The Bavarian Geographer, an anonymous medieval document compiled in Regensburg in 830, lists the Slavic tribes in Central Europe east of the Elbe. Among others, it mentions the Uuilci (Veleti) with 95 civitates, the Nortabtrezi (Obotrites) with 53 civitates, the Surbi (Sorbs) with 50 civitates, the Milzane (Milceni) with 30 civitates, the Hehfeldi (Hevelli) with 14 civitates, etc. The Great Soviet Encyclopedia classifies the Polabian Slavs into three main tribes: the Obotrites, the Veleti, and the Lusatian Sorbs.

The main tribes of the Obotritic confederation were the Obotrites proper (Wismar Bay to the Schweriner See), the Wagrians (eastern Holstein), the Warnabi (Warnower) (the upper Warnow and Mildenitz), and the Polabians proper (between the Trave and the Elbe). Other tribes associated with the confederation included the Linones (Linonen) near Lenzen, the Travnjane near the Trave, and the Drevani in the Hanoverian Wendland and the northern Altmark.

The Veleti, also known as the Liutizians or Wilzians, included the Kessinians (Kessiner, Chyzzini) along the lower Warnow and Rostock; the Circipani (Zirzipanen) between the Recknitz, Trebel, and Peene Rivers; the Tollenser east and south of the Peene along the Tollense River; and the Redarier south and east of the Tollensesee on the upper Havel. The Redarier were the most important of the Veleti tribes. The Rani of Rügen, not to be confused with the older Germanic Rugians, are sometimes considered to be part of the Veleti.

South of the Rani were the Ucri (Ukranen) along the Ucker and the Morici (Morizani, Müritzer) along the Müritz; the former gave their name to the Uckermark. Smaller tribes included the Došane along the Dosse, the Zamzizi in the Ruppin Land, and the Rěčanen on the upper Havel. Along the lower Havel and near the confluence of the Elbe and the Havel lived the Nelětici, the Liezizi, the Zemzizi, the Smeldingi (Smeldinger), and the Bethenici.
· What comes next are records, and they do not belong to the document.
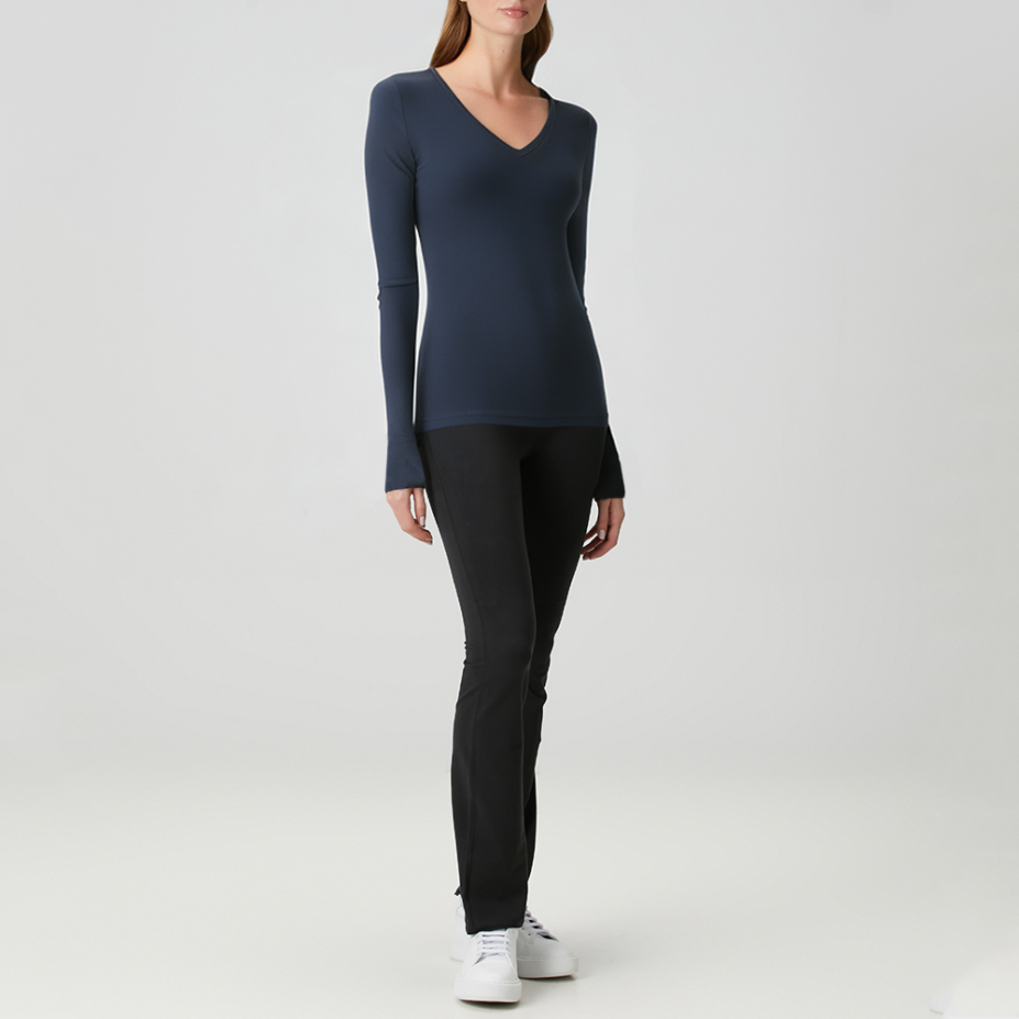 This women's long-sleeved top features a simple, solid-color design that exudes a clean and sophisticated vibe, suitable for various occasions. The V-neckline flatters the neckline, adding elegance and sophistication. The long sleeves provide basic warmth while remaining lightweight and comfortable. The fabric has good elasticity, conforming to the body's curves without being constricting, creating a naturally slimming effect. Whether worn alone or as a base layer, it effortlessly showcases a refined and capable everyday style.
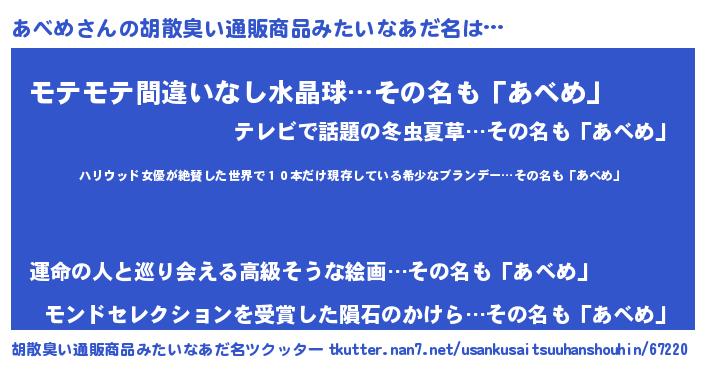 | 男性向けラノベタイトル風あだ名 | 『魔弾の王とあべめ』『あべめの憂鬱』 |
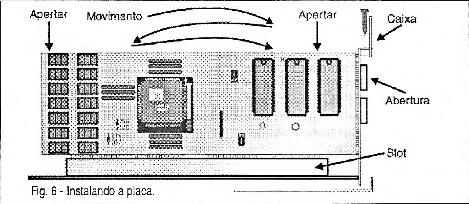 O encaixe deve ser feito movimentando-se a placa da forma indicada na figura 6, apertando-a no sentido vertical e nunca lateralmente, pois isso pode causar rompimentos de trilhas ou problemas mais graves.
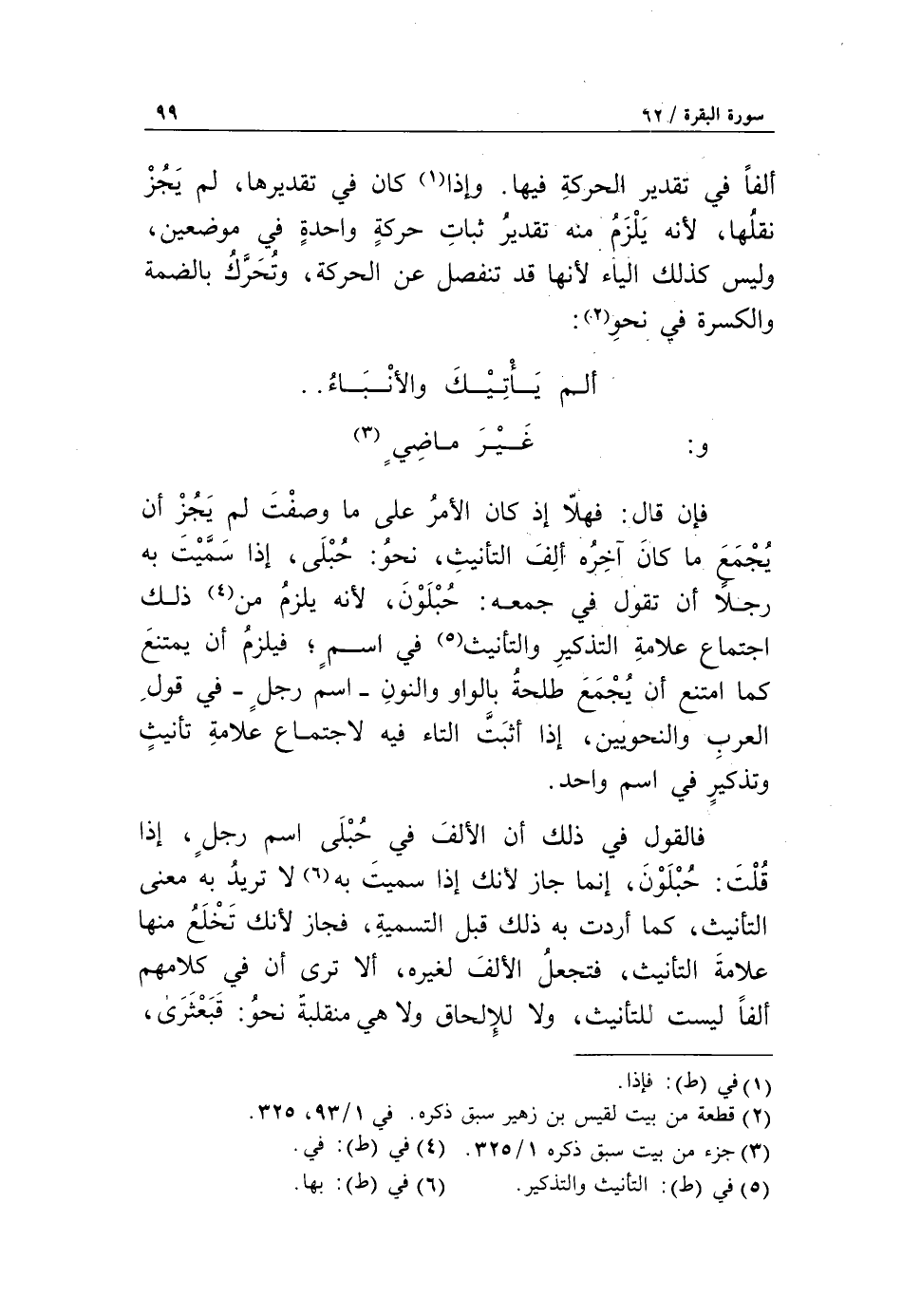 يلزم من «4» ذلك اجتماع علامة التذكير والتأنيث «5» في اسم، فيلزم أن يمتنع كما امتنع أن يجمع طلحة بالواو والنون- اسم رجل- في قول العرب والنحويين، إذا أثبتّ التاء فيه لاجتماع علامة تأنيث وتذكير في اسم واحد.

The middle Havel region and the Havelland were settled by the Hevelli, a tribe loosely connected to the Veleti. East of the Hevelli lived the Sprevane of the lower Dahme and Spree rivers. Small tribes on the middle Elbe included the Morizani and the Zerwisti.

The Sorbs' confederation in the Elbe–Saale region included the Citici, Serimunt, Colodici, Siusler, Nizici, Glomaci (Daleminzier), and Nisanen along the upper Elbe; as well as the Chutici, Plisni, Gera, Puonzowa, Tucharin, Weta, and groups of Nelětici living near the Saale. Joachim Herrmann believed strongly that the core Sorbian tribes were the Colodici, Siusler, and Glomaci and that they settled around and influenced the subsequent development of Magdeburg, Havelland, Thuringia, and northeastern Bavaria. To the east, the confederation may have later included the Lusici of Lower Lusatia and the Milceni of Upper Lusatia; to the east of these tribs were the Selpoli and the Besunzanen; and on the middle Oder the Leubuzzi, who were associated with medieval Poland.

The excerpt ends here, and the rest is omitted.